Много-много лет я жил в одном доме, и там росла маленькая девочка, дочка хозяйки. Она очень ловко ездила по перилам и очень плохо играла на пианино. И то, и другое не раз надоедало мне. По утрам и по вечерам она приносила мне завтрак и ужин и довольно часто оставалась поговорить со мной, пока я ел. Это была очень болтливая девочка, да я и сам был разговорчив. Когда ей исполнилось восемнадцать или около того, я уже привык к ней так, что если завтрак мне приносила ее мать, меня выбивало из колеи на весь день. Личико у девочки было ясное, как солнце, и ее широкие, ленивые, беззаботные жесты и девчоночий лепет были приятны человеку, чье одиночество доходило до него только в ее обществе. С тех пор я часто размышлял обо всем этом, и мне кажется, что именно так все и началось. Она выслушивала мои мнения обо всем и соглашалась с ними, ведь своих у нее еще не было. Она была хорошей девушкой, только ленивой умом и телом; ну, ребенком. Речь ее была такой же, как повадки: она все время словно каталась по перилам; мысли ее закручивались, говорила она рывками, перескакивая с одного на другое без малейшего различия, и могла говорить очень долго и не сказать ровным счетом ничего. Я все это замечал и видел, но, думаю, мне слишком нравился собственный острый деловой ум, и я слишком устал, хотя тогда я еще не понимал этого, от своих остроумных деловых компаньонов – Боже ты мой! я ведь всех их помню. Иметь голову на плечах, как они это называют, очень легко, но нелегко достичь хоть чуточки веселости, беззаботности, ребячества или что уж там у нее было.
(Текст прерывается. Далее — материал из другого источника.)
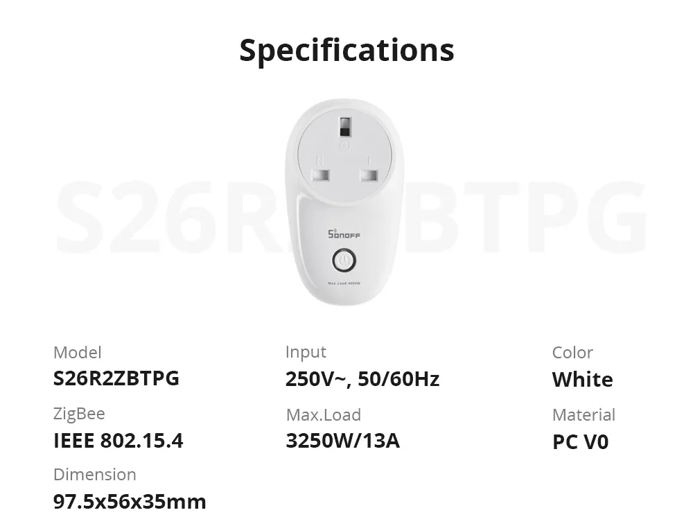 SONOFF S26R2ZB is a ZigBee smart plug with UK/DE/FR standard. Users can instantly convert normal plug into a smart plug, it can work with other smart devices, like triggered on/off by temp, make your life smarter.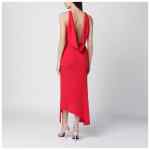 Scarlet red sleeveless midi dress by The Andamane in crêpe, featuring an asymmetric hem, fluid line, and open back with hood-style detail at the base.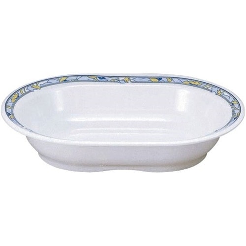 定番シルエットのカレーベーカー。パスタにもぴったり。帯状にアレンジされたブルーの花が小粋な印象です。リムがあって持ちやすく、スタッキング性抜群です。 |
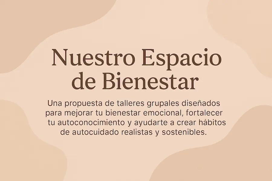 «Nuestro Espacio de Bienestar«, una propuesta de talleres grupales diseñados para mejorar tu bienestar emocional, fortalecer tu autoconocimiento y ayudarte a crear hábitos de autocuidado realistas y sostenibles. Talleres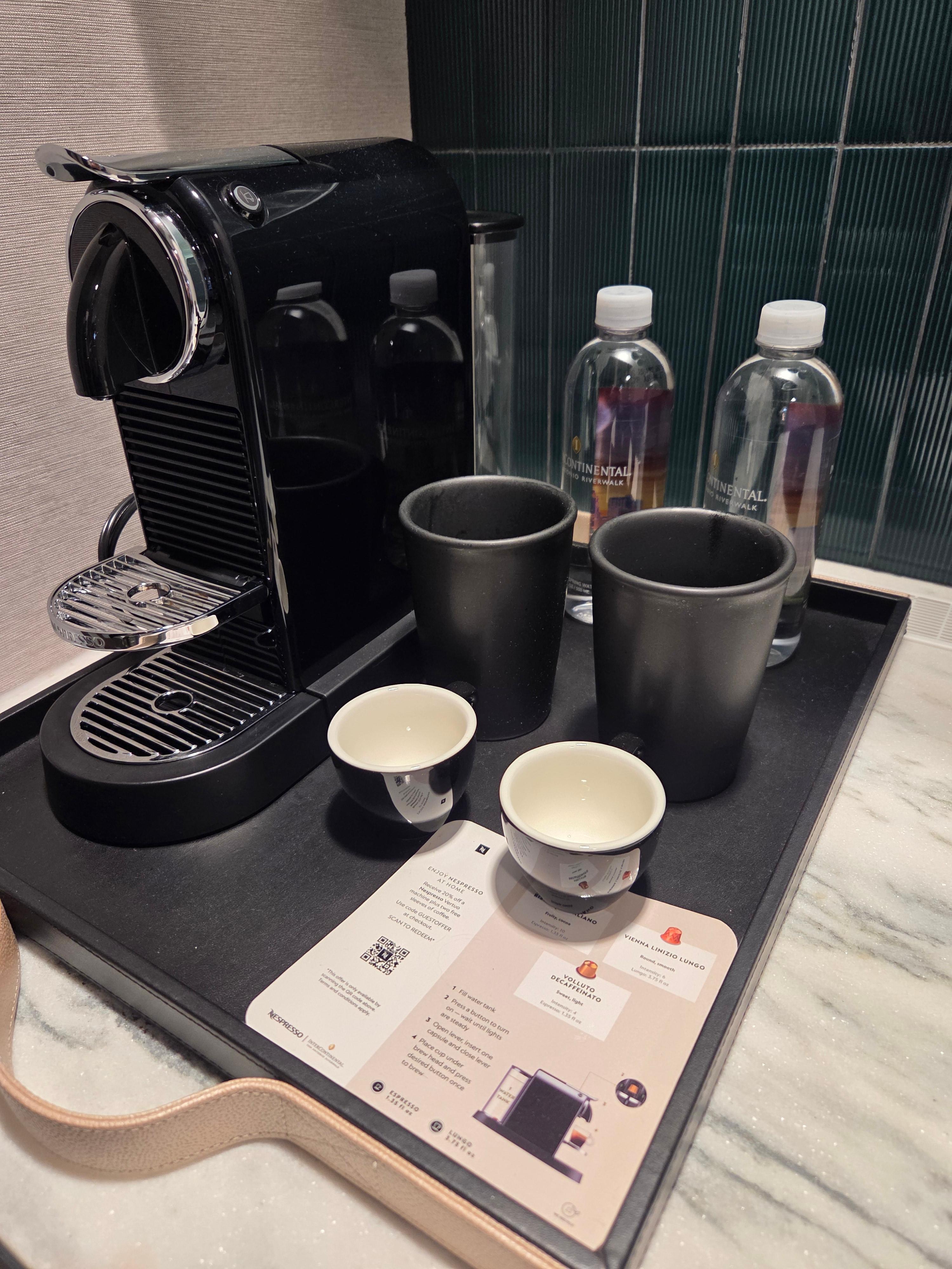 캡슐 커피 머신과 전기 주전자가 동시에 있는 호텔이 많지는 않지만, 그럼에도 인터컨티넨탈 샌 안토니오 리버워크 또한 캡슐 커피 머신만 있어서 비치되어 있는 차를 마시기 위해서는 캡슐 커피 머신에 캡슐을 넣지 않고 두세 번 작동시키는 방식으로만 뜨거운 물을 받을 수 있다는 점이 불편했습니다.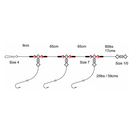 A derivative of the three-hook flapper where one of the hook snoods is positioned directly above the lead. This gives the angler two hooks fishing in the water column at the top and middle of the rig body, whilst the lower snood is fishing directly on the bottom. Three hooks allow the angler to fish with multiple baits and to increase the scent trail to attract more fish and a wider variety of them. The different positions of the hook snoods give the angler a competitive advantage to cover different types of species, covering fish that feed off the bottom and those who fish directly on it.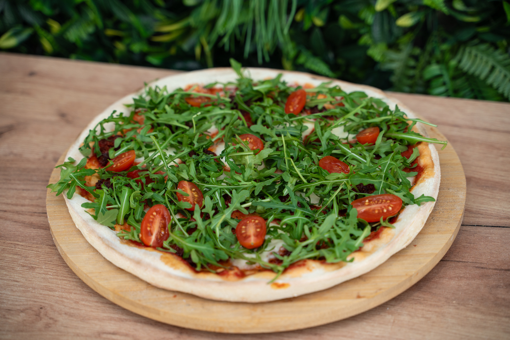 mozzarella fior di latte, pikantna kiełbasa nduja, rucola, pomidorki koktajlowe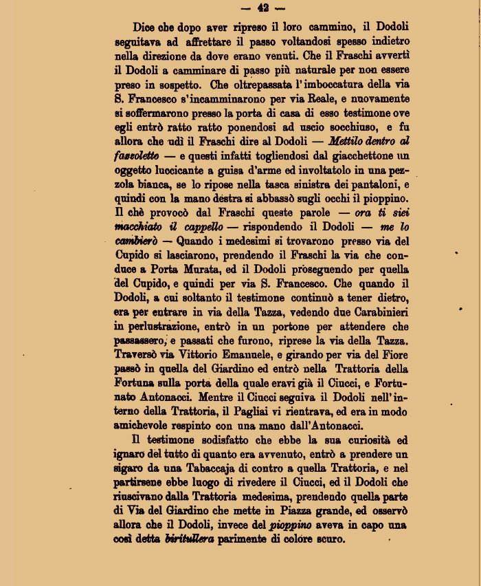 Il testimone sodisfatto che ebbe la sua curiosità ed ignaro del tutto di quanto era avvenuto, entrò a prendere un sigaro da una Tabaccaia di contro a quella Trattoria, e nel partirsene ebbe luogo di rivedere il Ciucci, ed il Dodoli che riuscivano dalla Trattoria medesima, prendendo quella parte di Via del Giardino che mette in Piazza grande, ed osservò allora che il Dodoli, invece del pioppino aveva in capo una così detta birituUera parimente di colóre scuro.

К тому же, приятно чувствовать себя выше кого-то, хотя бы и выше маленькой девочки.

Однажды мне в голову пришла мысль: "Не пора ли остепениться?" Не знаю, откуда появилась такая идея; такое часто можно услышать, и всегда кажется, будто это относится к кому-то другому, однако, не знаю, что заставило меня задуматься об этом. Я повел себя глупо: я накупил галстуков и всяческих воротничков, начал проглаживать свои брюки, кладя их на ночь под матрац и лежа на них всю ночь, – я даже не думал о том, что я в три раза старше ее. Я приносил домой сладости для нее, и ей это очень нравилось. Она сказала, что обожает сладости, и все время требовала, чтобы я тоже ел их с нею: ей нравилось разговаривать об их вкусе. У меня от них болели зубы, но я все равно покупал их, хотя тогда я ненавидел зубную боль так же, как и сладости. Потом я попросил ее погулять со мной. Она охотно согласилась, и для меня это было нечто совершенно новое. На самом деле, пожалуй, даже восхитительное. После того раза мы гуляли вместе часто, и иногда встречали людей, которых я знал, молодых людей с моей службы и из других учреждений. Я смущался, когда, здороваясь со мною, иные подмигивали. Мне было приятно рассказывать девушке, кто они такие, чем занимаются и сколько получают:

ведь я мало о ком чего-то не знал. Я рассказывал ей о собственном положении на службе и о том, что говорил мне начальник днем. Иногда мы разговаривали о том, что писали в вечерних газетах. Убийство, какая-нибудь деталь бракоразводного процесса, речь, произнесенная каким-нибудь политиком, или цены на бирже. Ей было интересно все, о чем можно было поговорить. И ее участие в разговоре было приятно. Шляпка каждой дамы, проходившей мимо, доводила ее до вершин восхищения или ввергала в бездны презрения. Она рассказывала мне, кто из этих леди – карга, а кто гусыня. С ее не умолкавшего язычка я стал узнавать кое-что о человечестве, и, несмотря на то, что большинство людей казались ей забавными паяцами или великолепными, царственными принцами, я заметил, что она никогда не говорила ни о ком худого слова, хотя многие из тех, на которых она клала глаз, были совершенно обыденными людьми. Пока я не начал гулять с нею, я не знал, что такое витрина магазина. Особенно витрина ювелирного магазина: в ней содержались прелюбопытнейшие вещи. Она рассказывала мне, как носить тиару и подвески, и объясняла, какие запонки мне следует надевать: они должны быть золотыми и с красными камнями; она показывала мне нитки жемчуга или бриллиантов, которые, как она считала, прелестно смотрелись бы на ней; а однажды сказала мне, что я ей очень нравлюсь. Я был очень обрадован тогда, я был в восторге, но я был деловым человеком, и почти ничего не ответил ей. Я никогда не любил брать кота в мешке.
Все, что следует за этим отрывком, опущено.